Re: NO_HZ_FULL vs NO_HZ_IDLE: ~300ns cyclictest latency regression from context tracking overhead

From: Valentin Schneider

Date: Fri Mar 27 2026 - 12:15:31 EST


On 26/03/26 18:57, Ionut Nechita wrote:
> Hi,
>
> I'm seeing a consistent ~300ns average latency increase in cyclictest when
> switching from CONFIG_NO_HZ_IDLE=y to CONFIG_NO_HZ_FULL=y on a PREEMPT_RT
> kernel.
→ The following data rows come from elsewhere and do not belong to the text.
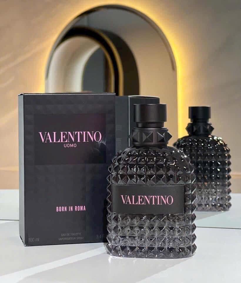 Được ra mắt vào năm 2019, Valentino Uomo Born in Roma Eau de Toilette là một biểu tượng nhằm tôn vinh Valentino Rockstud. Hình dáng chai được bao quanh bằng những kim tự tháp nhỏ lấy cảm hứng từ kiến trúc La Mã tráng lệ, là dấu ấn đặc trưng của thời trang Maison Valentino.
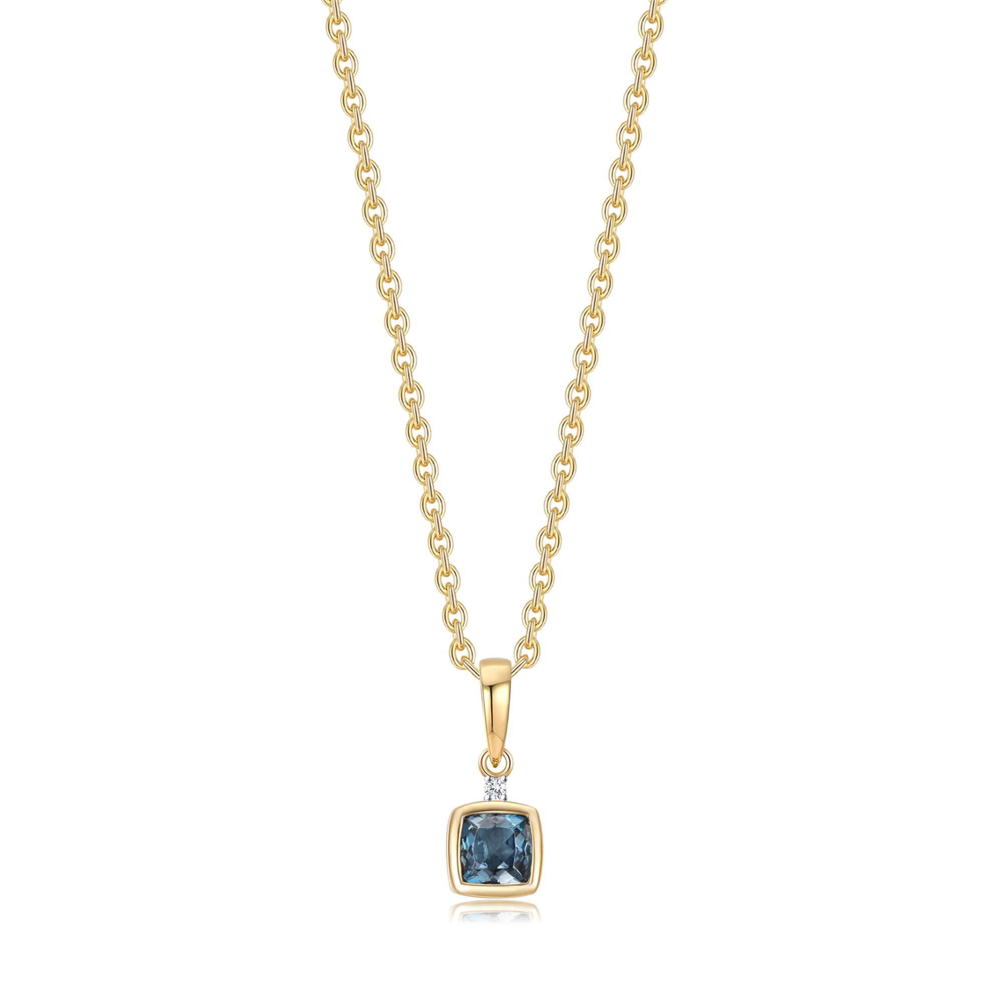 8 kt. guld vedhæng firkant london blå topaz med en syntetisk cubic zirconia på toppen.
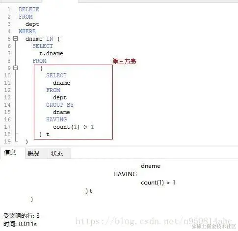 3、查询表中多余重复试题(根据depno来判断,除了rowid最小的一个)
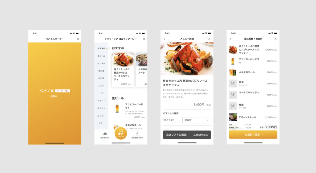 飲食店の利益率・リピート率を改善するモバイルオーダーPOSの、顧客が使用するモバイルオーダーのUIを担当しました。

I'd like to understand whether this is expected behavior or if there's
> room for improvement in the context tracking overhead on x86.
>
> Hardware:
> - Intel Xeon Gold 6338N @ 2.20GHz (Ice Lake SP)
> - 32 cores / 64 threads, single socket
> - L3 cache: 48 MiB
>
> Kernel: 6.12.78-rt (PREEMPT_RT)
>
> Boot parameters (identical for both tests except nohz_full/isolcpus):
> nohz_full=1-16,33-48 isolcpus=nohz,domain,managed_irq,1-16,33-48
> rcu_nocbs=1-31,33-63 kthread_cpus=0,32 irqaffinity=17-31,49-63
> intel_pstate=none nopti nospectre_v2 nospectre_v1 psi=0
>
> Cyclictest command:
> cyclictest --priority 95 --nsecs --histofall 40000 --smi \
> --duration 7200 --affinity 1-15,33-47 --threads 30 --mainaffinity 0
>
> Config difference:
> NO_HZ_IDLE build:
> CONFIG_NO_HZ_IDLE=y
> # CONFIG_NO_HZ_FULL is not set
> # CONFIG_TICK_CPU_ACCOUNTING is not set
>
> NO_HZ_FULL build:
> CONFIG_NO_HZ_FULL=y
> CONFIG_VIRT_CPU_ACCOUNTING=y
> CONFIG_VIRT_CPU_ACCOUNTING_GEN=y
>
> Results summary (30 threads, 2-hour run, values in nanoseconds):
>
> NO_HZ_IDLE NO_HZ_FULL
> Min (range): 1697 - 1783 2026 - 2182
> Avg (range): 1876 - 2000 2131 - 2333
> Max (range): 2017 - 14491 6832 - 11539
> SMI: 0 0
>
> The average latency shifts from ~1930ns to ~2270ns, a consistent ~300-350ns
> increase across all 30 threads. The minimum latency floor also rises by
> roughly 400ns.
>
> My understanding is that CONFIG_NO_HZ_FULL forces
> CONFIG_VIRT_CPU_ACCOUNTING_GEN=y on x86, which adds context tracking overhead
> on every kernel entry/exit. Since cyclictest does a clock_nanosleep() syscall
> every 1ms, this overhead is hit on every cycle.
>
> Questions:
> 1. Is ~300ns of additional overhead from context tracking considered
> acceptable/expected on Ice Lake with PREEMPT_RT?
> 2. Has there been any work on reducing the context tracking cost on x86,
> or making VIRT_CPU_ACCOUNTING optional with NO_HZ_FULL?
> 3. For RT workloads that do periodic syscalls (not pure userspace polling),
> is the recommendation to simply stay on NO_HZ_IDLE?
>

I can't answer for 2., but for 1. & 3.: NO_HZ_FULL is about squeezing as
much as you can out of a CPU running a pure userspace application. Any
kernel entry is an anomaly / interference, IOW "you lose". If you know your
workload is going to periodically enter the kernel, put in on a CPU that
isn't nohz_full (but maybe isolated).

> I can provide full histogram data or run additional tests if helpful.
>
> Thanks,
> Ionut